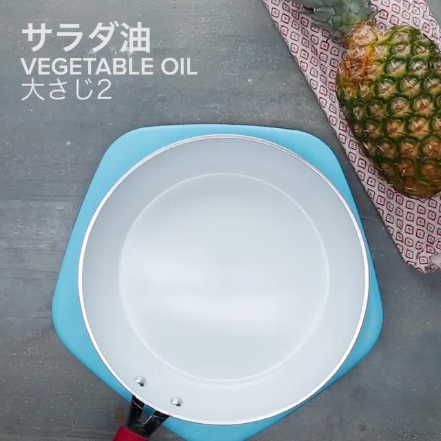 6.米酢、砂糖、ケチャップ、(2)のパイナップル1カップを加えて炒め合わせる。⁣
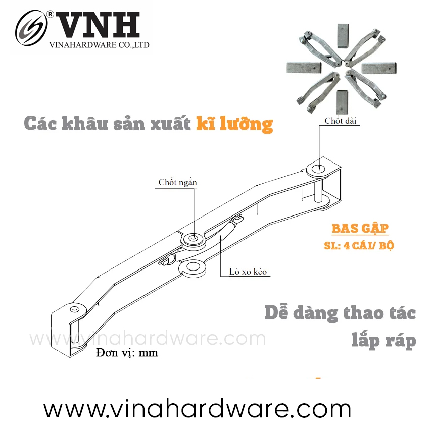 Cấu tạo: Dập nguội chính xác, liên kết bằng đinh rive, tích hợp lò xo kéo giúp đóng/mở linh hoạt
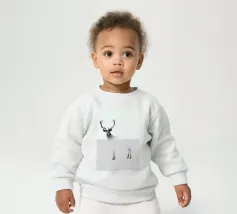 Unsere Baby Sweatshirts bestehen aus 85 % Bio-Baumwolle und 15 % recyceltem Polyester.
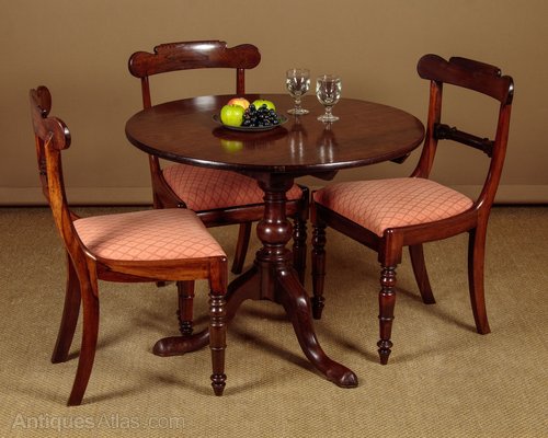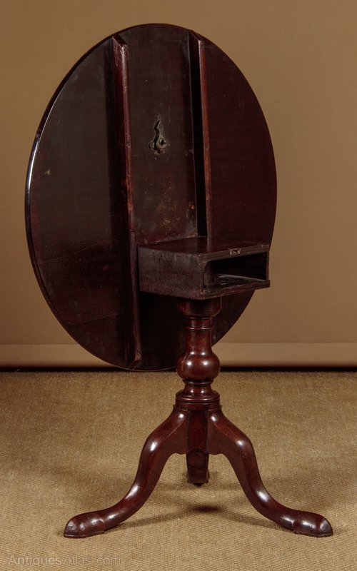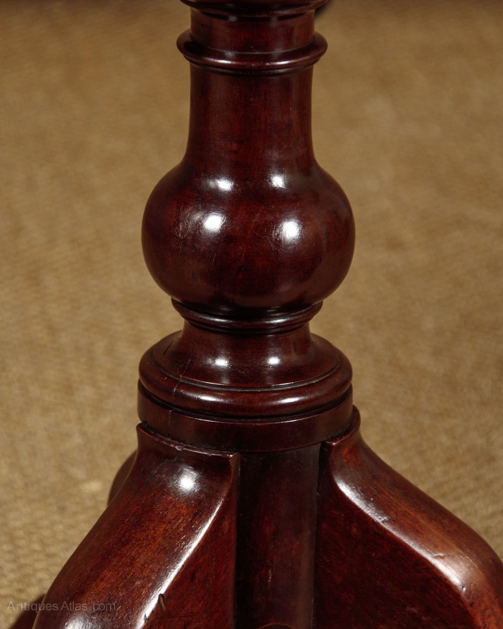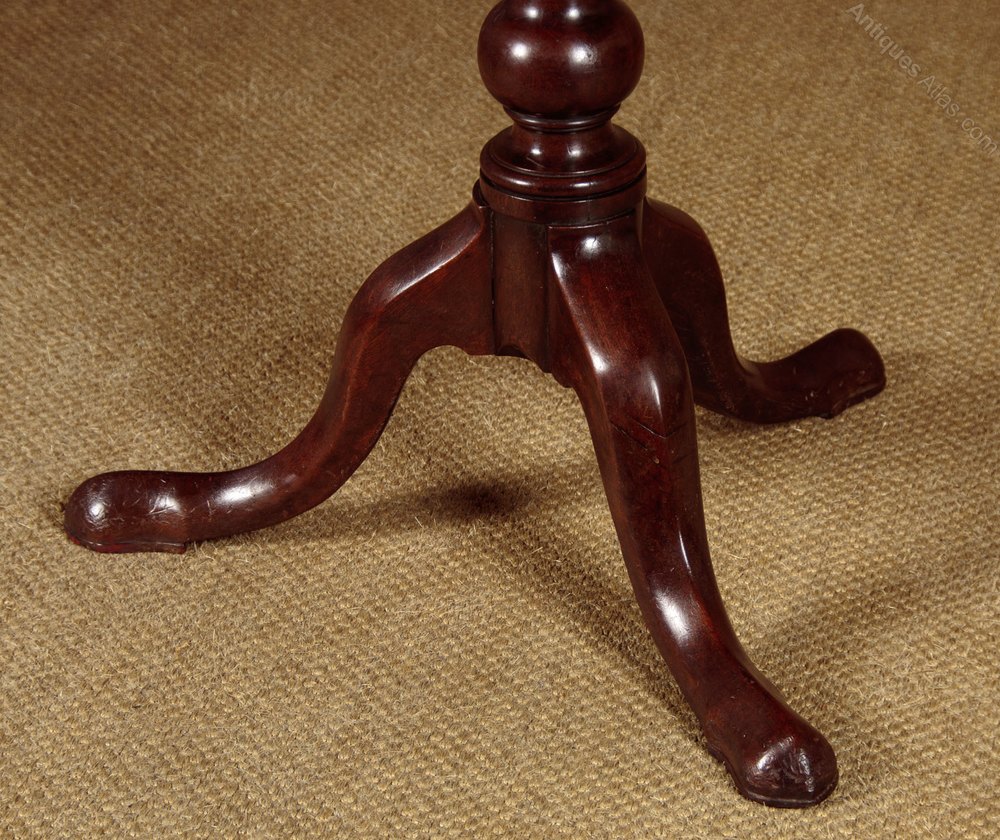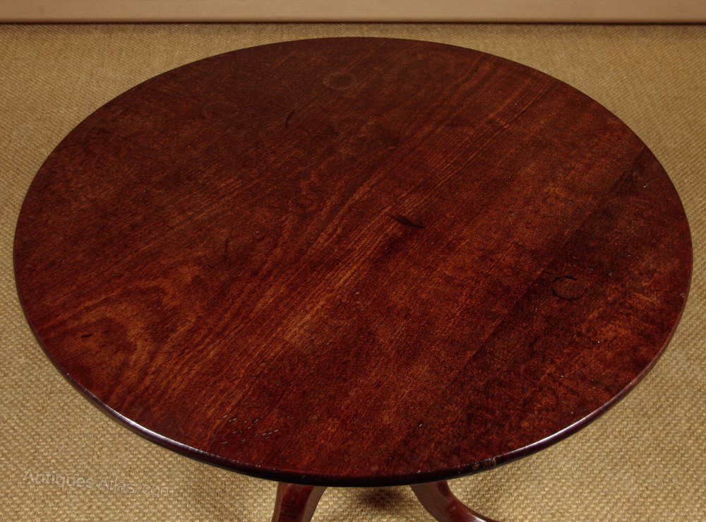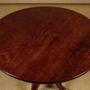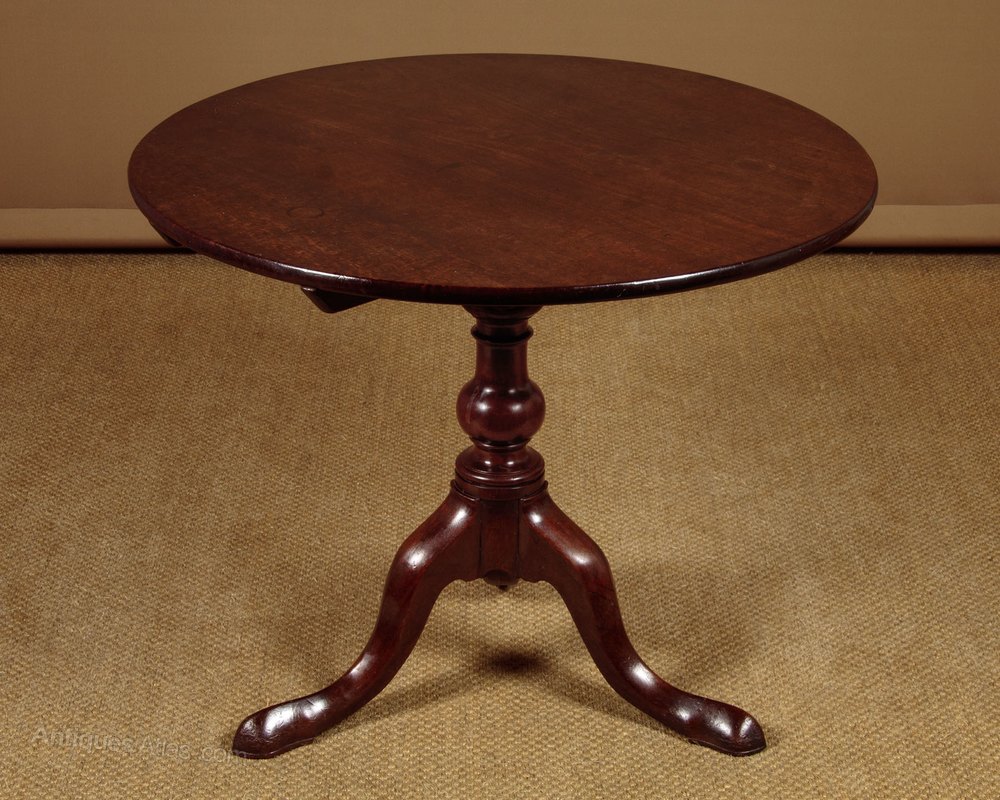 Good sized George III mahogany tripod supper table c.1800. 34″ diameter solid mahogany top with revolving action. On a bulbous turned column and sturdy tripod legs with pointed feet. Top can be tipped to vertical when not in use, locking into place with the original brass catch. Excellent colour and condition, cleaned and waxed in our workshops.

## TASK ITEM
The answer must be the lines above from the one containing "Cấu tạo: Dập" through the one containing "Unsere Baby Sweatshirts", reproduced exactly, with no pictures and nothing else.

## FINISHED EXERCISE
 Cấu tạo: Dập nguội chính xác, liên kết bằng đinh rive, tích hợp lò xo kéo giúp đóng/mở linh hoạt
 Unsere Baby Sweatshirts bestehen aus 85 % Bio-Baumwolle und 15 % recyceltem Polyester.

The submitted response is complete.